= Work order =
Could you transcribe exactly the lines below, from the line with "Штаб Порошенко распространяет" through the line with "5月10日19:30,我校于", and nothing else, leaving out the pictures?

:: Supplied information ::

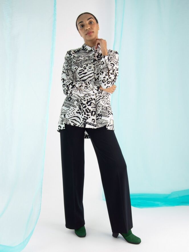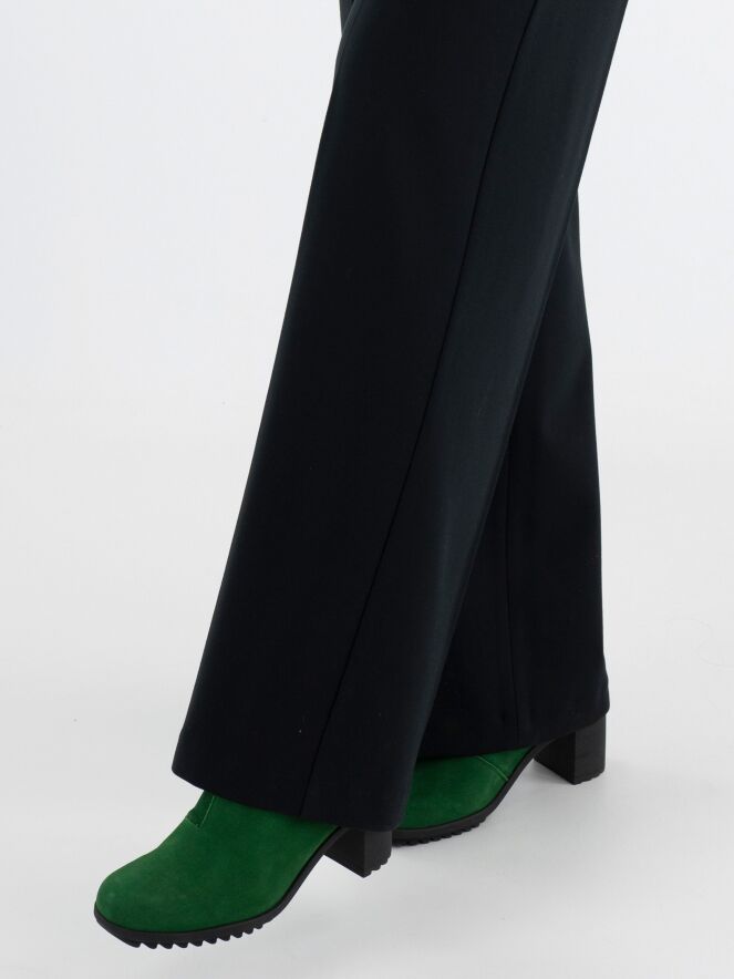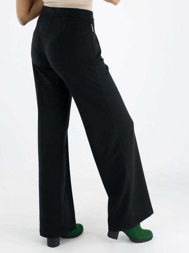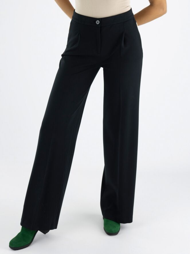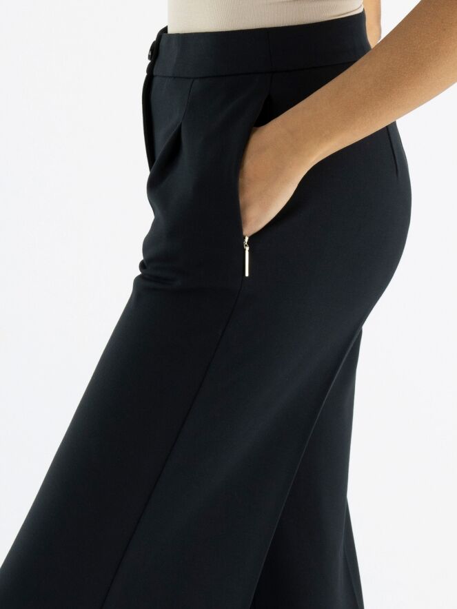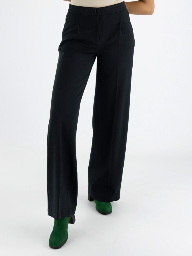 A pair of trousers by Marc Cain in black. The trousers feature two band pleats, and the side pockets have a concealed zipper closure. There is a sharply pressed crease down the center of the legs. These trousers can be washed at 30 degrees.
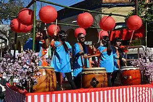 ![]() Jóvenes sansei desfilan en conmemoración del 80.º aniversario de la inmigración japonesa al Paraguay. | ||
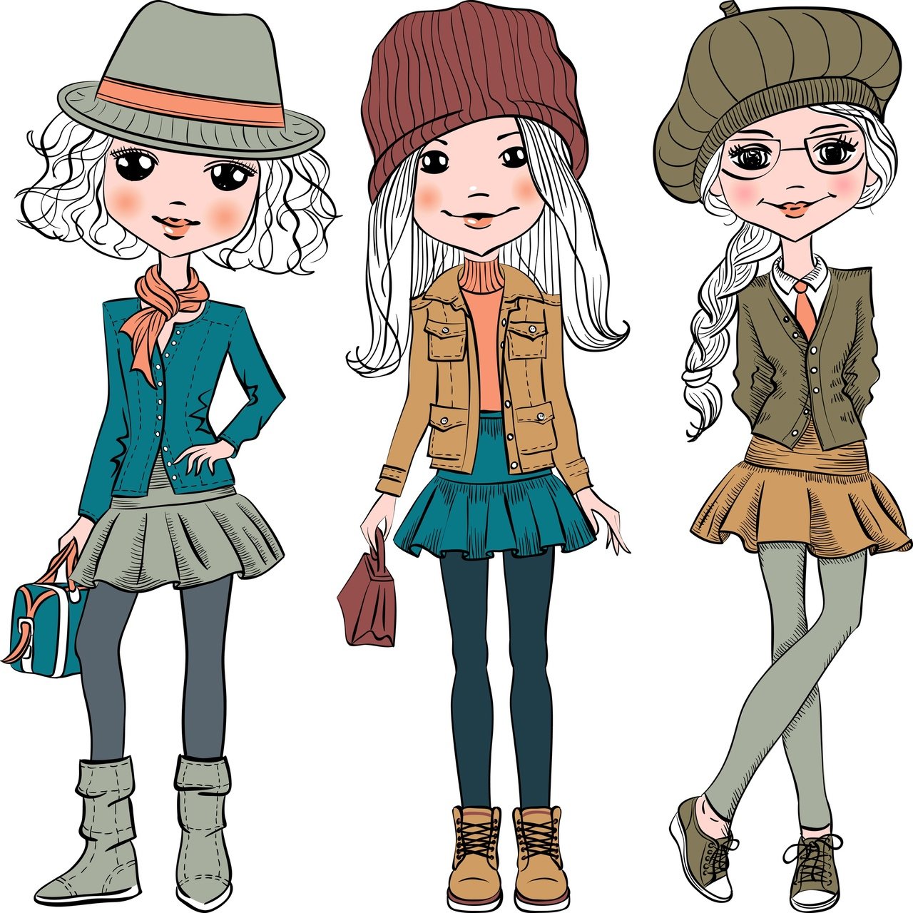 ![Модные девочки мультяшные]()
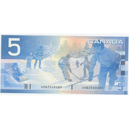 Bank of Canada, $5.00 Insert note 2001, grade Choice UNC, Charlton # BC-62aA, signature Knight Dodge, serial AOB2568685, insert range 2.440M - 2.600M. Problem free note.
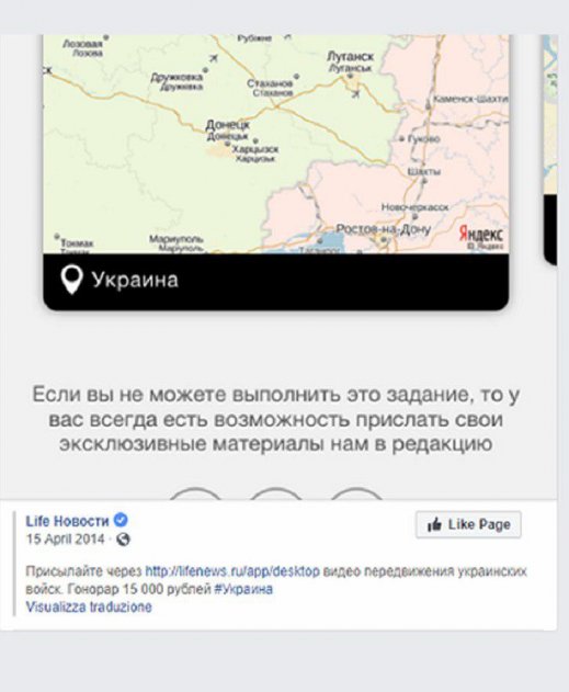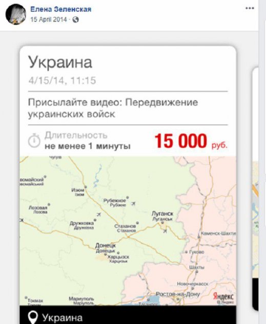 Штаб Порошенко распространяет сведения, что ещё в 2014 году на своей странице социальной сети она перепечатала сообщение телеканала «LifeNews», где предлагалась оплата в 15 тысяч рублей тем, кто предоставит информацию о передвижениях ВСУ в зоне боевых действий в Донбассе.
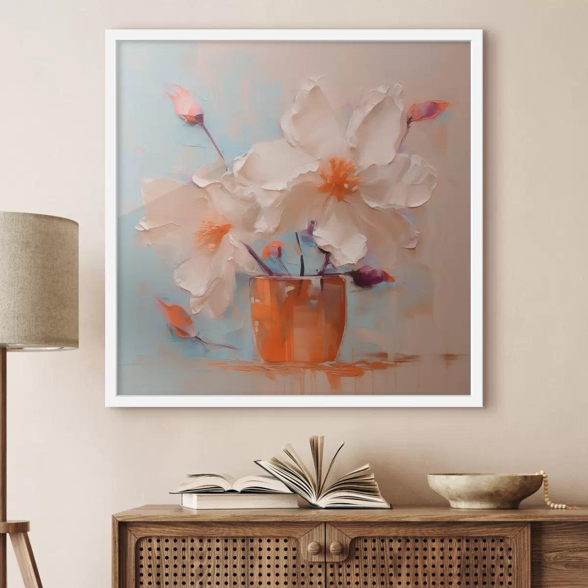 Poster Narcisi in un vaso, bianco, arancione, beige, blu f40520
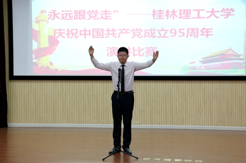 5月10日19:30,我校于雁山校区图书馆报告厅举行“永远跟党走”——庆祝中国共产党成立95周年演讲比赛。我院学生党员、资勘12-1班颜培天同学在比赛中表现突出,斩获第一。
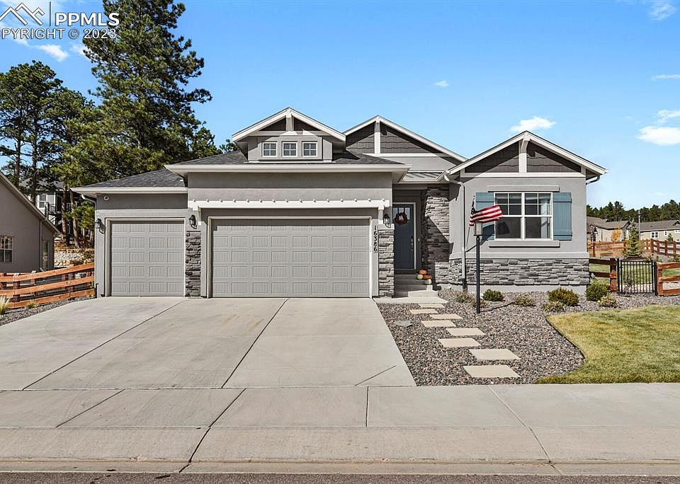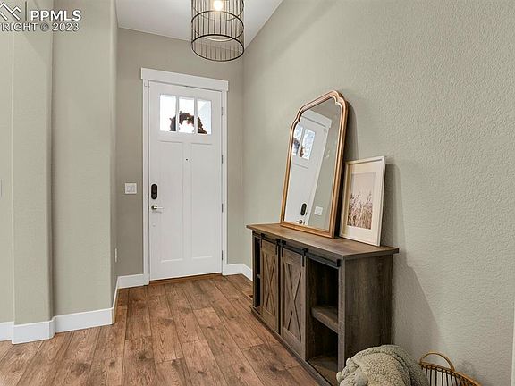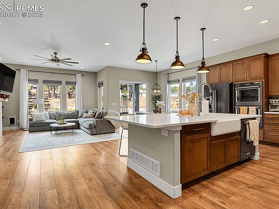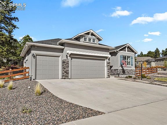 Expertly crafted home on a cul-de-sac, .39 ac. corner lot. The home combines timeless elements w/modern influences creating a chic & upscale aesthetic. Expansive backyard & towering pine trees surround covered & open outdoor living spaces. Choice design options makes this a truly exceptional home. 10ft ceilings, 8ft doors, luxury vinyl floors, walls of windows & gas fireplace complement the scenic setting. The Chef’s Kitchen is equipped w/quartz counters, extra-large island, expansive walk-in pantry, upgraded lighting, classic wood cabinetry with 42” uppers, soft close pullouts & a suite of choice black stainless-steel appliances including a 5-burner gas cooktop. The master suite includes lg. windows overlooking the backyard; the master bath features a spacious, frameless shower, dual vanities w/quartz countertops, a massive walk-in closet that opens to the walk-thru laundry/mud room. A 2nd large bdrm and separate bath, a spacious office/study with custom barn door which could serve as a formal Dining room or possibly a 6th bdrm, round out the first floor. The lower level offers 8.5’ ceilings, plush carpet, a 2nd gas fireplace, large family room, 3 additional bedrooms, two with large walk-in closets, & one full bath. A wet bar has been roughed in by the builder. An intercom system is featured throughout the home. Outside, enjoy the "Colorado Dream" with professional landscaping, hot tub, partially covered patio & a built-in fire pit. Extra-large finished three-car garage featuring tall ceilings as well as an automatic, upper storage rack. All of this in one of the most desirable neighborhoods w/open spaces, community events, extensive trail system that leads to Fox Run Regional Park. This home is located within minutes of the Air Force Academy, an abundance of shopping, dining & easy access to I-25 for an easy commute to Colorado Springs, Denver and more. Home is available to close 12/8/22.

:::

= Response for this exercise =
 Штаб Порошенко распространяет сведения, что ещё в 2014 году на своей странице социальной сети она перепечатала сообщение телеканала «LifeNews», где предлагалась оплата в 15 тысяч рублей тем, кто предоставит информацию о передвижениях ВСУ в зоне боевых действий в Донбассе.
 Poster Narcisi in un vaso, bianco, arancione, beige, blu f40520
 5月10日19:30,我校于雁山校区图书馆报告厅举行“永远跟党走”——庆祝中国共产党成立95周年演讲比赛。我院学生党员、资勘12-1班颜培天同学在比赛中表现突出,斩获第一。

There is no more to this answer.